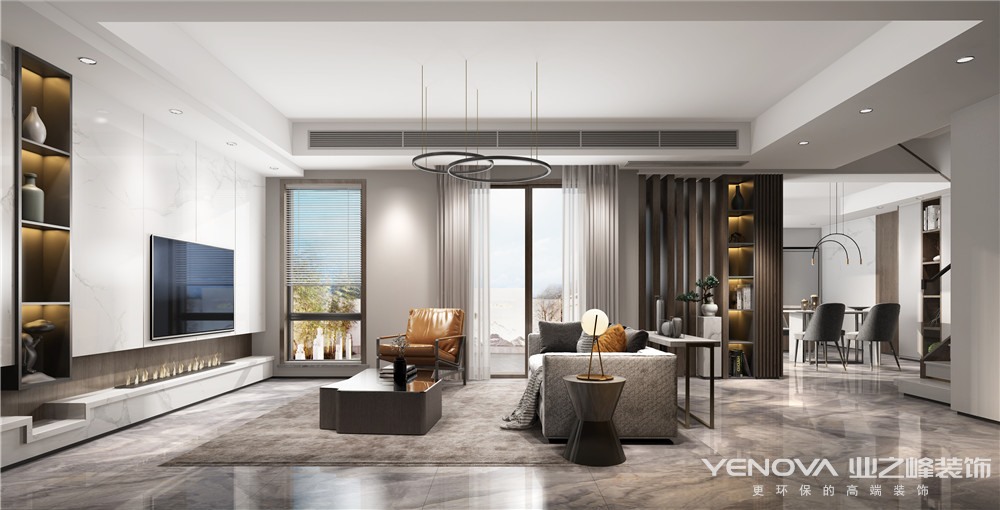本案设计风格为现代新中式风格。是中国传统风格文化与现代时尚元素的融合和碰撞,本案设计重点是客厅餐厅的互通和交流,开放式厨房更加增加了空间层次感。色彩上采用柔和的中性色彩给人大气优雅、自然脱俗的感觉。现代与新中式的融合既凸显了房子设计的时尚感,又不失新中式的文化底蕴。
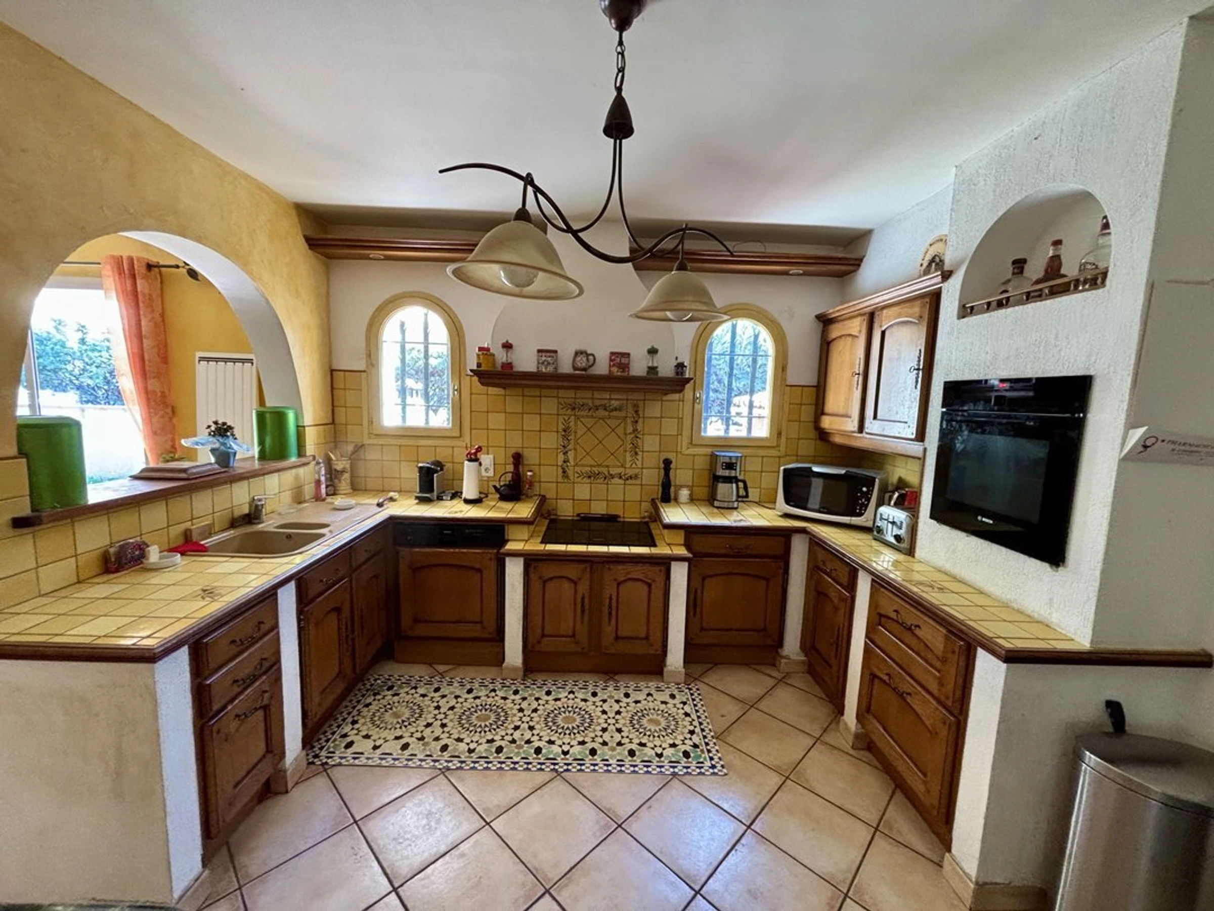 Cuisine comprenant : plaques vitrocéramiques, four, lave vaisselle, frigo américain, micro-ondes
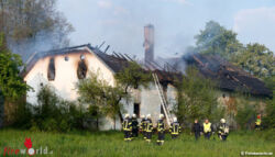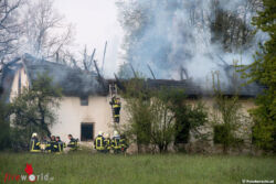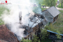 VORCHDORF (OÖ): Ein Brand auf einem alten Bauernhof in Vorchdorf (Bezirk Gmunden) hat Dienstagfrüh, 3. Mai 2016, ein Todesopfer gefordert. Die Feuerwehr stand mit einem Großaufgebot im Einsatz, Alarmstufe II wurde ausgelöst.
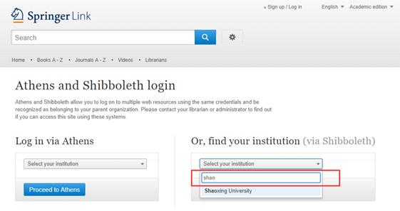 (3) 在“find your institution”搜索框中输入“Shaoxing University”;点击搜索结果,跳转至“绍兴文理学院统一身份认证”,身份认证通过后即可访问数据库。
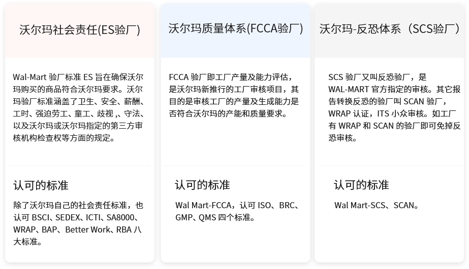 Walmart沃尔玛验厂是指沃尔玛按照一套严格的供应商标准系统对工厂进行审核或评估。目前沃尔玛针对所有供应商的标准审核主要包括社会责任(ES)、品质(FCCA)、反恐(SCS)三个方面,通过沃尔玛验厂是获取沃尔玛品牌商订单的必要前提条件,其中社会责任(ES)审核是沃尔玛验厂最核心部分。
━━━
[ACTIVITY]:
The answer should match the material exactly, with every picture removed.

[EXERCISE OUTPUT]:
本案设计风格为现代新中式风格。是中国传统风格文化与现代时尚元素的融合和碰撞,本案设计重点是客厅餐厅的互通和交流,开放式厨房更加增加了空间层次感。色彩上采用柔和的中性色彩给人大气优雅、自然脱俗的感觉。现代与新中式的融合既凸显了房子设计的时尚感,又不失新中式的文化底蕴。
 Cuisine comprenant : plaques vitrocéramiques, four, lave vaisselle, frigo américain, micro-ondes
 VORCHDORF (OÖ): Ein Brand auf einem alten Bauernhof in Vorchdorf (Bezirk Gmunden) hat Dienstagfrüh, 3. Mai 2016, ein Todesopfer gefordert. Die Feuerwehr stand mit einem Großaufgebot im Einsatz, Alarmstufe II wurde ausgelöst.
 (3) 在“find your institution”搜索框中输入“Shaoxing University”;点击搜索结果,跳转至“绍兴文理学院统一身份认证”,身份认证通过后即可访问数据库。
 Walmart沃尔玛验厂是指沃尔玛按照一套严格的供应商标准系统对工厂进行审核或评估。目前沃尔玛针对所有供应商的标准审核主要包括社会责任(ES)、品质(FCCA)、反恐(SCS)三个方面,通过沃尔玛验厂是获取沃尔玛品牌商订单的必要前提条件,其中社会责任(ES)审核是沃尔玛验厂最核心部分。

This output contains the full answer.